- [Action item]
Pictures stay out; everything else in the records below gets copied exactly.
=== Materials provided ===
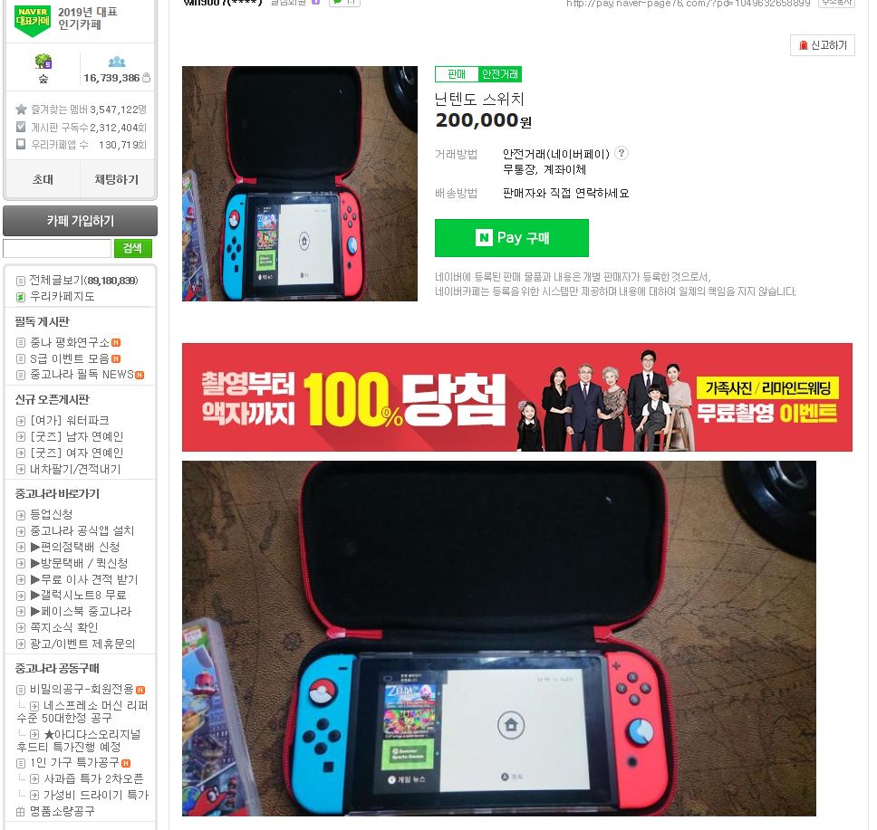 스위치 중고거래를 예로 말씀드리겠습니다.
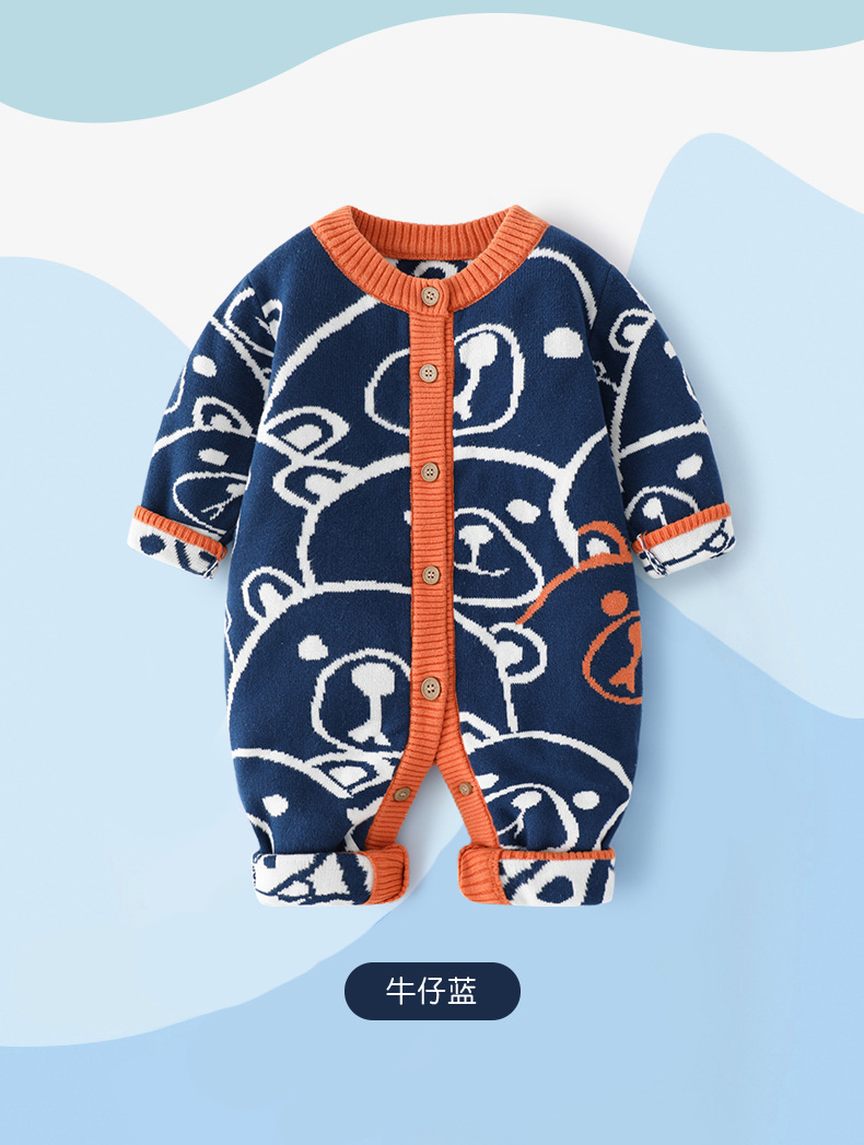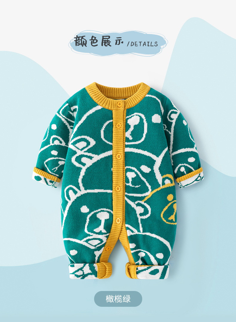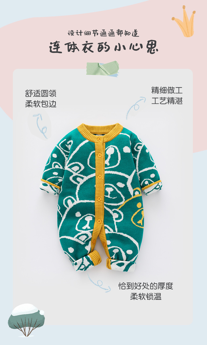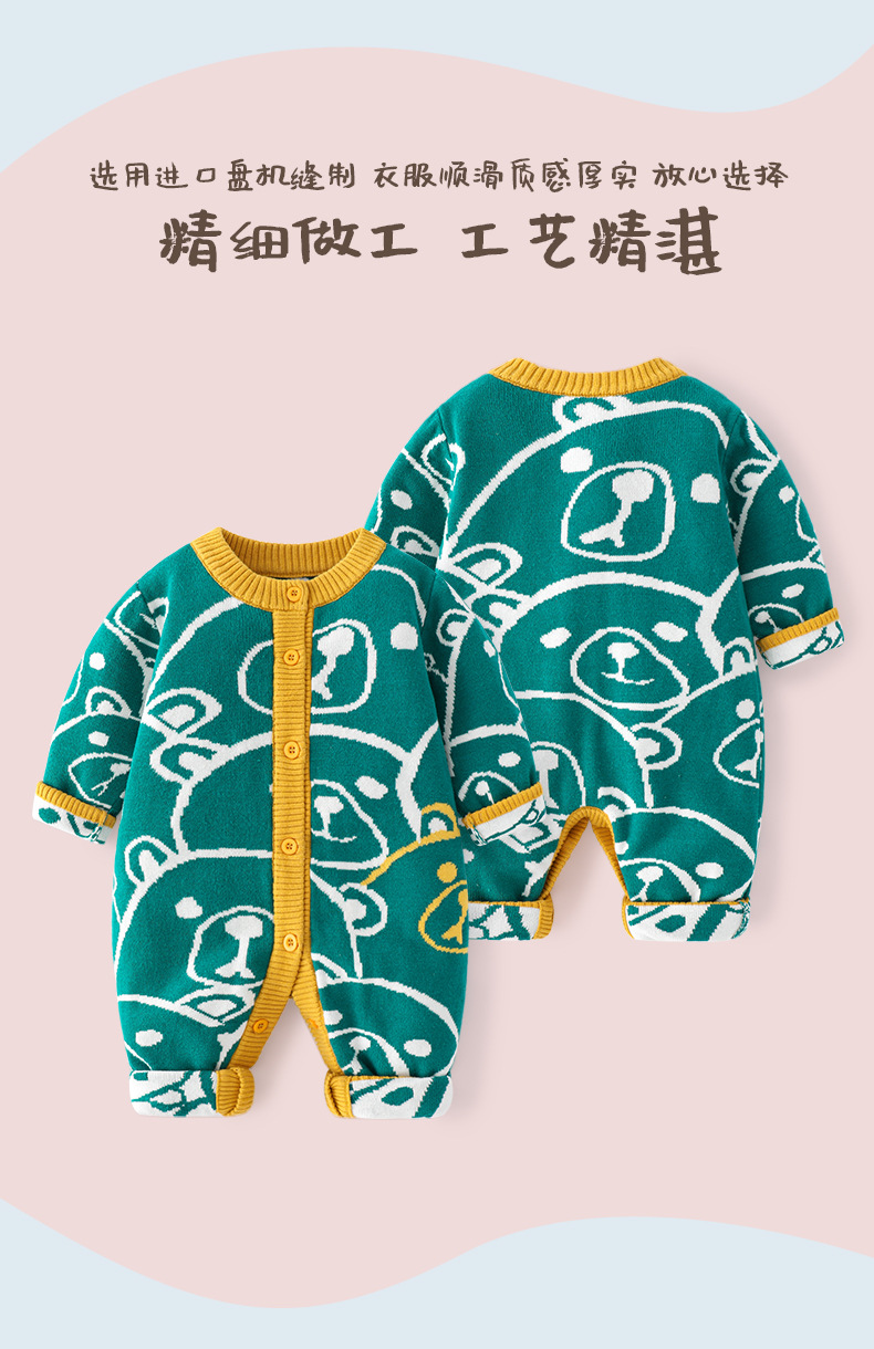 【可爱满熊连体衣 舒适保暖】巴布雨新款纯棉新生儿A类衣服秋冬款针织双层婴儿连体衣宝宝爬服
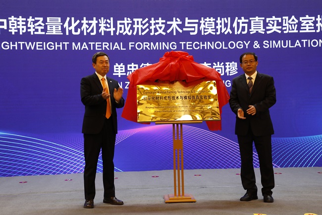 会上,单忠德副总经理和李尚穆副院长共同为双方共建 的“轻量化材料成形技术与模拟仿真实验室”揭牌。
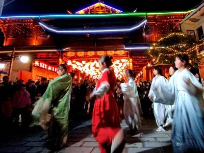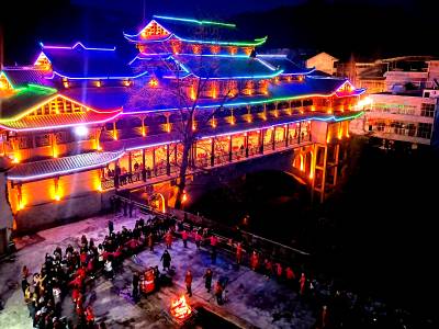 2月15日,来凤县革勒车镇文化夜热闹非凡,近千米的水系民俗风情街上,灯火通明,人头攒动。篝火摆手舞、“非遗”表演、南剧演唱、梅花仙子汉服秀竞相表演,风雨桥特色小卖及各类风味小吃更是生意火爆。
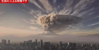 Видеоролик был создан с помощью ИИ Токийским столичным правительством. В нем жителям Токио попытались наглядно показать скорость, с которой вулканический пепел может долететь от извергающегося вулкана до Токио. Видео демонстрирует апокалиптические картины дорог, зданий, железных путей и других объектов инфраструктуры, покрытых вулканическим пеплом.
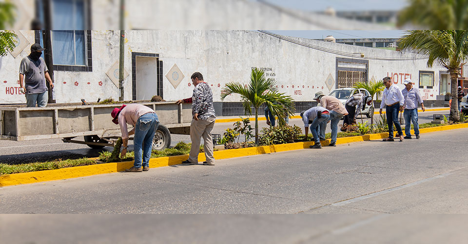 Las labores realizadas por las cuadrillas de la citada dependencia municipal, consistieron en la limpieza y mantenimiento del camellón central, cambio de palmeras y siembra de pasto, así como la reparación e instalación de luminarias.
===
- [Reply to the task]
 스위치 중고거래를 예로 말씀드리겠습니다.
 【可爱满熊连体衣 舒适保暖】巴布雨新款纯棉新生儿A类衣服秋冬款针织双层婴儿连体衣宝宝爬服
 会上,单忠德副总经理和李尚穆副院长共同为双方共建 的“轻量化材料成形技术与模拟仿真实验室”揭牌。
 2月15日,来凤县革勒车镇文化夜热闹非凡,近千米的水系民俗风情街上,灯火通明,人头攒动。篝火摆手舞、“非遗”表演、南剧演唱、梅花仙子汉服秀竞相表演,风雨桥特色小卖及各类风味小吃更是生意火爆。
 Видеоролик был создан с помощью ИИ Токийским столичным правительством. В нем жителям Токио попытались наглядно показать скорость, с которой вулканический пепел может долететь от извергающегося вулкана до Токио. Видео демонстрирует апокалиптические картины дорог, зданий, железных путей и других объектов инфраструктуры, покрытых вулканическим пеплом.
 Las labores realizadas por las cuadrillas de la citada dependencia municipal, consistieron en la limpieza y mantenimiento del camellón central, cambio de palmeras y siembra de pasto, así como la reparación e instalación de luminarias.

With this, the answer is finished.